To the Editor:

We read the paper by Steel et al. [1] with great interest and welcome their study demonstrating large macular holes do not behave differently in terms of surgical anatomical closure at the arbitrary “cut-off” value of 400 µm, confirming the findings of our previously study published in 2018 [2]. Whereas we demonstrated that a size of ~630 µm appears to represent a significant inflection point where surgical macular hole closure significantly decreases, the BEAVRS dataset suggests a value of ~500 µm. The authors suggest the difference may be due to the fact that the ROC analysis in our study “shows a fairly low profile covering a number of possible values”, and being a larger series, they suggest that 500 µm is the correct, pragmatic “cut-off”.

Scrutiny of our ROC curve demonstrates a very similar profile to the BEAVRS study, and whilst the AUC value for the BEAVRS study was 77.9%, for our study the value was 76.9% (i.e., virtually identical). Further analysis (unpublished) of our data demonstrates to achieve 70% sensitivity and 69% specificity, the range of values are between 608 and 630 µm (i.e. a relatively narrow range of possible values and less than the quoted range by the BEAVRS dataset study of 464–500 µm). We politely suggest the authors have misinterpreted the perceived “flatness” of our ROC analysis as it purely relates to the scale of the drawn axes.

With larger numbers (though over half of the cases were <400 µm, Supplementary Table 2), we acknowledge the BEAVRS dataset may have an increased ability to determine the likely “true” cut-off value. However, we question the authors stating their data as necessarily prospective and consecutive. As well as data entry being from a relatively small pool of available BEAVRS surgeons (35 from ~200 consultant vitreoretinal surgeons in the UK), and one surgeon alone contributing over 10% of all cases, the data entry tool for the BEAVRS macular hole dataset allows data entry up to 4 months post event. Whilst this is a very sensible and pragmatic approach to try to maximize utilization of the database, it does introduce the possibility of selection bias among surgeons entering data, despite its anonymity. It also has no ability to confirm and validate the data as consecutive. The surgical results of their study demonstrate a very high surgical success rate even above 600 µm (~87%) in contrast with our study [2] (success rate 77% above 600 µm) and other studies demonstrating a significantly lower success rate for larger holes (Gupta et al. [3], 67% > 500 µm). This introduces the possibility of surgeon selection bias, favouring inclusion of those cases more likely to close or retrospectively completing those cases which did close. The authors should at least acknowledge this as a potential limitation of their study, particularly as surgeons may be reluctant to lower their “success rate” as they may use their data for evidence of personal audit and professional revalidation.

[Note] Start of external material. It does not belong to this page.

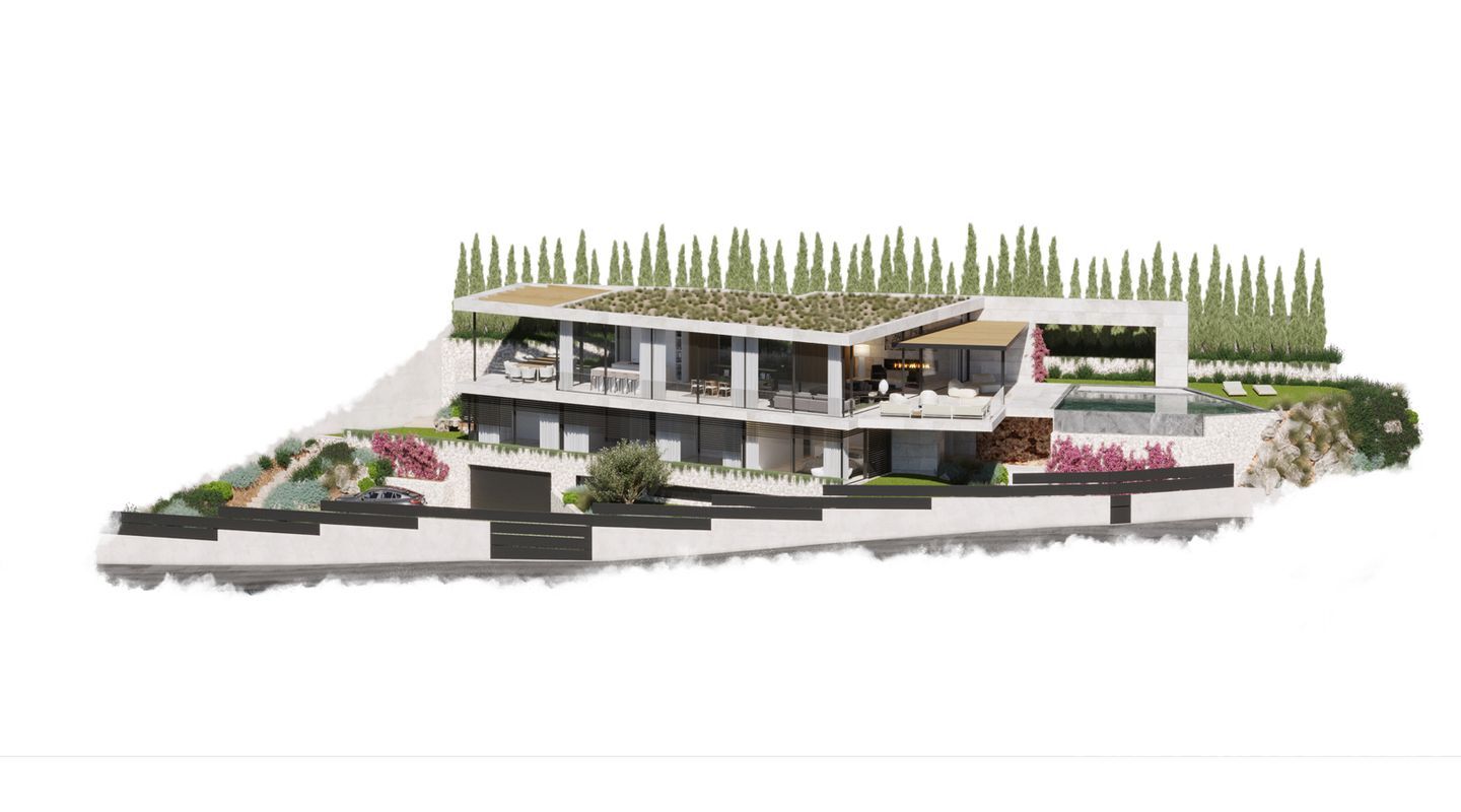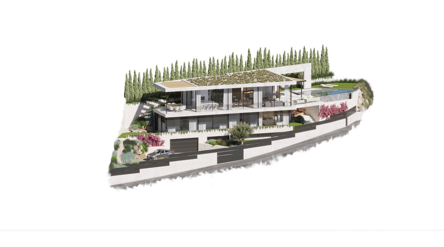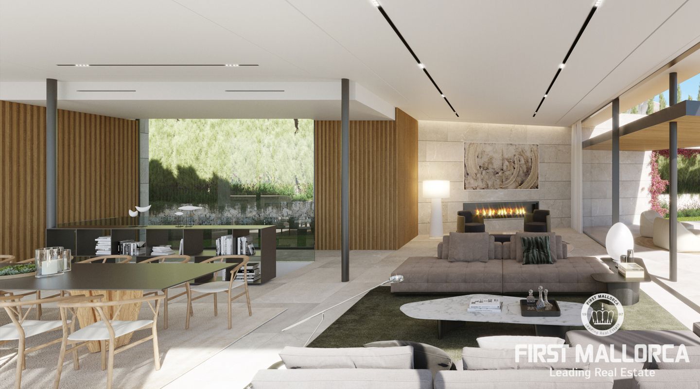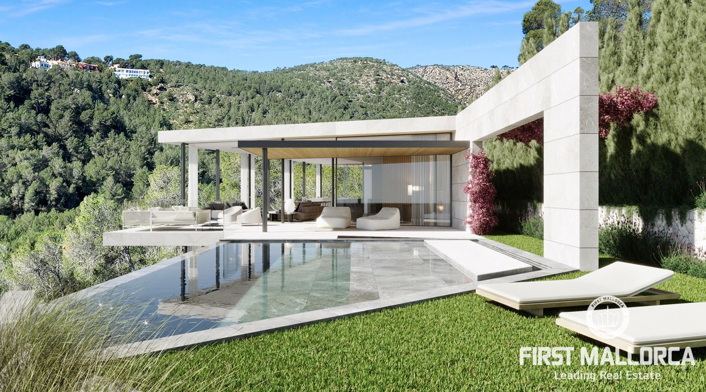 Este moderno chalet de nueva construcción con vistas al mar está listo para entrar a vivir. En la planta superior, a la que se accede a través de un ascensor que sube hasta el garaje, se encuentra el luminoso salón-comedor con ventanales de suelo a techo con transición sin barreras a las terrazas y a la amplia piscina de 57 m². La cocina totalmente equipada ofrece una zona de terraza cubierta, ideal para desayunar. En la planta baja, a la que se puede acceder por las escaleras o el ascensor, hay cuatro dormitorios dobles, cada uno con baño en suite totalmente equipado y amplios armarios empotrados. Un quinto dormitorio adicional con baño en-suite se encuentra en la planta baja, que también ofrece un amplio espacio para una sala de fitness. Características de la villa incluyen: Ascensor, calefacción por suelo radiante, aire acondicionado (frío/calor), un garaje doble y una plaza de aparcamiento exterior adicional. El mobiliario se puede adquirir por separado bajo petición. Si desea concertar una visita personal, no dude en ponerse en contacto con una de nuestras oficinas de FIRST MALLRCA hoy mismo.

The authors have made a great contribution to determining the correct classification of “large” macular holes, i.e. those that have a significantly increased risk of surgical failure and worthy of consideration of alternative techniques for anatomical closure, but until a true prospective, consecutive study that minimizes potential bias of data entry is conducted, the approximate value at which that classification lies will remain uncertain.